The “education scandal” and the “maize scandal” were the two big breaking new corruption eruptions under the Government of National Unity that served to remind everyone that simply adding part of ODM to the second Kibaki Adminstration in April 2008 did not in itself solve anything regarding corruption.  The “maize scandal” was a new and insidious plot for the corpulent corrupt to “eat” off of hunger in the food crisis in 2009; the “education scandal” was the revelation of an older and ongoing insidious plot for the elite to steal from school children, dating to the inception of “free primary education” early in the first Kibaki Adminstration.

Why repay the money now?  One suggestion might be that this is an indication that Kibaki does have concern about his post-presidential reputation, his “legacy”.  Perhaps there is something to this.

Of course, Kibaki is a master of not communicating his intentions, conducting affairs behind closed doors and letting Western (and Kenyan) observers who feel compelled to do so offer speculative analysis and opinion to substitute for actual knowledge about what he is up to.  So who knows?

Amazingly, to me anyway, I have read otherwise trenchant reports and analysis of various aspects of the Kenyan situation that include unembellished lines to the effect that Kibaki will not be a major factor in the upcoming election as he is concluding his second and final term.  To me, it is quite obvious that H.E. Mwai Kibaki will remain the most important individual in the 2013 Kenyan presidential election until he passes the mace to his successor.  With the new constitution, partially implemented, he has less direct and formal power in the 2013 election than he had in the 2007 election.  He remains, nonetheless, far more powerful than any other single individual, even Uhuru Kenyatta or Raila Odinga certainly, and more by far than any one member of his inner circle.  How he will use that power, and how much we will even ever know about how he uses that power, are in question.

Would it be hard for Kibaki to hand off the presidency to Raila Odinga this time?  The polls show Odinga leading but Uhuru in range with just a few weeks to go, so in some ways the race is similar to 2007.  Not to suggest that Kibaki would prefer Uhuru in the way that he preferred himself in 2007, just taking note of the parallels.  Some people have suggested that he might prefer Saitoti or later Mudavadi to either Raila or Uhuru, but did they really know something or were they going on guesses, rumours or even misinformation?

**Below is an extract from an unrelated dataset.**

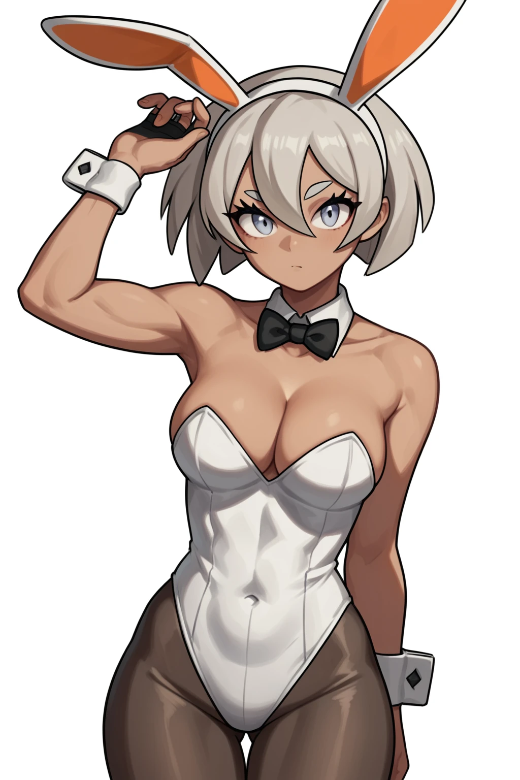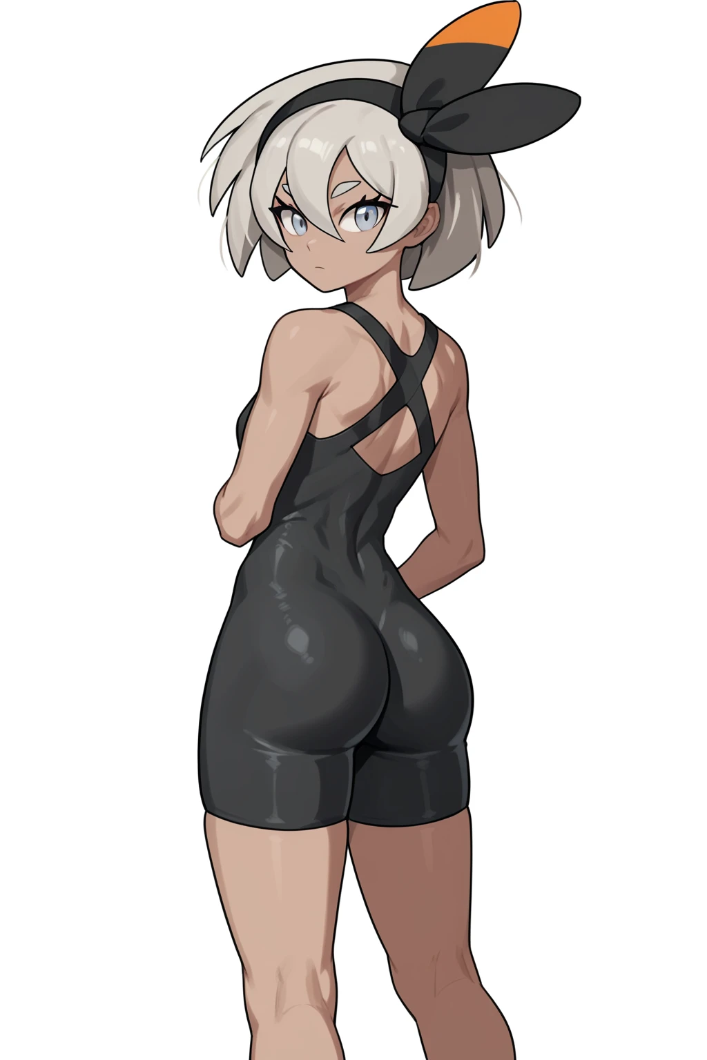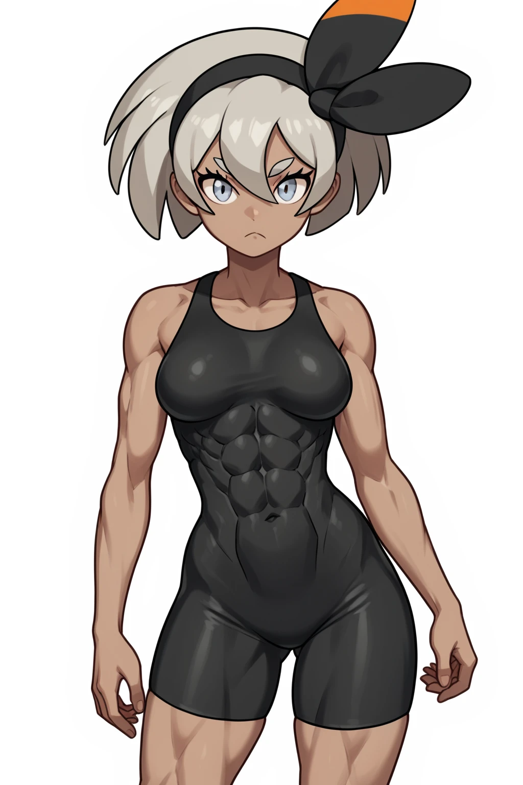 Black hairband, bow hairband, print shirt, print shorts, black bodysuit, bodysuit under clothes, single glove, wristband, knee pads, barefoot
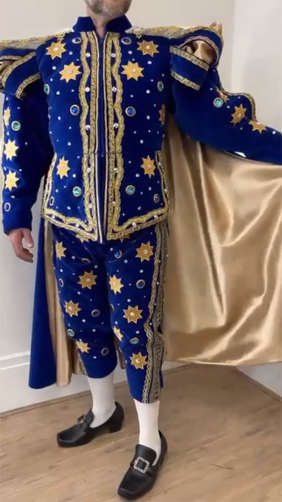Le Chat Botté : Pourpoint et culotte en velours de coton, brodé, strassé, galonné dans l’esprit de La Belle et la Bête de Cocteau, pour Le Chat Botté, Chantal Goya, 2025

Certainly the dynamic of having a possible runoff and the need to win in the counties makes things different and more complicated this time.  It will be interesting to watch.

In the meantime, congratulations to DfID and I will hope that President Kibaki does in fact want to leave office with the best possible reputation on governance and corruption issues in these closing weeks.  UPDATE: (I do think that it must be noted that there is no indication here of an intent to actually recover “stolen” funds, rather that the Kenyan taxpayers are taking up the burden from the British taxpayers.)

Here is news from Saturday, Jan. 12 that President Kibaki has refused to assent to the hugely controversial Retirement Benefits bill passed by the 10th Parliament on their way out of office, awarding themselves a big gratuity of 9.6M KSh on leaving office, along with post-parliamentary benefits such as state burial and security, diplomatic passports and airport VIP lounge access.

Election Observation as “Diplomacy or Assistance” continued–how I spent my pre-election Christmas in Kenya

In my Freedom of Information Act Series I have described how then-Ambassador Ranneberger got his predecessor, Ambassador Mark Bellamy removed from the International Republican Institute’s Election Observation Mission shortly before the last Kenyan election, implying an objection to Bellamy from the Kibaki government. While IRI capitulated in removing Bellamy, I was told to accept “no more b.s.” from Ranneberger in interfering with the IRI Election Observation.  As problems continued to arise, this is a letter I wrote to my USAID officer on December 22, 2007, five days before the voting:

I think that you and I have had a good working relationship over a period of months until just recently, reflecting efforts and intentions on both our parts.  The problem now is that we are in a position of working in part at cross purposes, regardless of how much effort we continue to put into trying to be cooperative.

Previously I thought that you had some real level of agreement with my basic position regarding IRI’s independence, in spite of the contradictory viewpoint of the Ambassador.  At this point, it seems clear that we just do not have a meeting of the minds about this.

As far as IRI is concerned a major line was crossed last week and we expected that there would be as a result of Lorne Craner’s intervention a recognition that IRI’s independence would be respected going forward.  Unfortunately, the only substantive change seems to be that we have one less delegate–one of the best qualified members of the team that we had selected.  And of course people in the State Dept. did know what our own plan was before the Ambassador intervened.  I find the whole situation embarrassing personally.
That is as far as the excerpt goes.